B. Qualix was incorporated in Delaware on September 21, 1990.
Qualix's authorized capital consists of:
(1) 5,000,000 shares of preferred stock, par value
$0.000333-1/3 per share ("Qualix Preferred Stock"), of which 1,225,001
shares have been designated Series A Preferred Stock, 1,225,001 of
which are issued and outstanding; of which 923,077 shares have been
designated Series B Preferred Stock, 923,077 of which are issued and
outstanding; of which 792,529 shares have been designated Series C
Preferred Stock, 792,529 shares of which are issued and outstanding;
of which 1,400,000 shares have been designated Series D Preferred
Stock, 757,713 shares of which are issued and outstanding; and of
which 280,674 shares have been designated Series E Preferred Stock,
none of which are issued and outstanding; and
(2) 20,000,000 shares of common stock, par value $0.001 per
share ("Qualix Common Stock"), of which 3,358,064 shares are issued
and outstanding.
C. Octopus was incorporated in Pennsylvania on December 10, 1993.
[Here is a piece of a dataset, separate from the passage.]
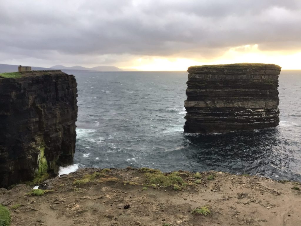 La bruine est toujours présente. Je vais devoir un plan B pour ce soir. « Tout se fera » isn’t it ? Alors que la route longe la côte à l’intérieur des terres, un panneau indique « Saint Patrick Head ». Je pense que c’est la pointe avec un rocher, détaché de la falaise, aperçu au loin. Je bifurque à gauche pour m’y rendre. Je laisse mon vélo sur le parking où une vingtaine de véhicules sont stationnés. Et je grimpe à pied en haut de la falaise. C’est bien cela.
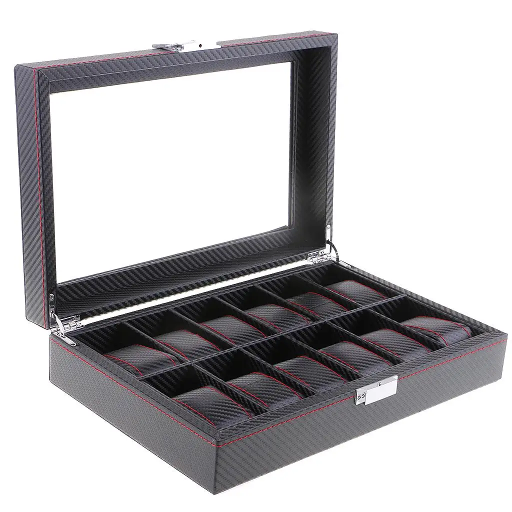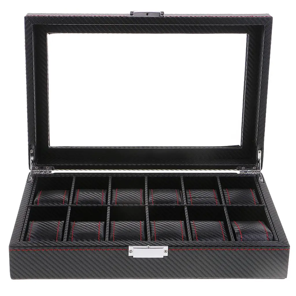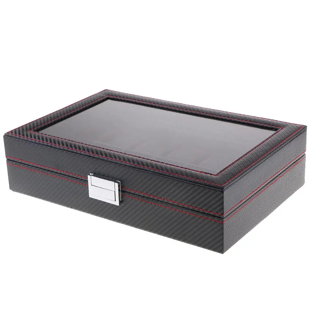 xHOGtObXVVHere you can buy 12 Slots Black PU Leather Glass Collect Watch Rings Display Storage Box Case with free delivery to your post office.

Octopus' authorized capital consists of.
(1) 3,000,000 shares of Preferred Stock, without par value, of
which 3,000,000 shares have been designated Class A Cumulative
Convertible Preferred Stock ("Octopus Class A Preferred Stock")
1,500,000 of which are issued and outstanding; and
(2) 160,000,000 shares of Common Stock, without par value
("Octopus Common Stock"), of which 115,270,505 shares are issued and
outstanding.
X. Xxxxxx, Sub and Octopus have entered into an Agreement and Plan
of Reorganization dated as of July 14, 1996 (the "Agreement and Plan of
Reorganization") providing for representations, warranties, covenants and
agreements in connection with the transactions contemplated hereby. This
Articles of Merger and the Agreement and Plan of Reorganization are intended to
be construed together to effectuate their purpose.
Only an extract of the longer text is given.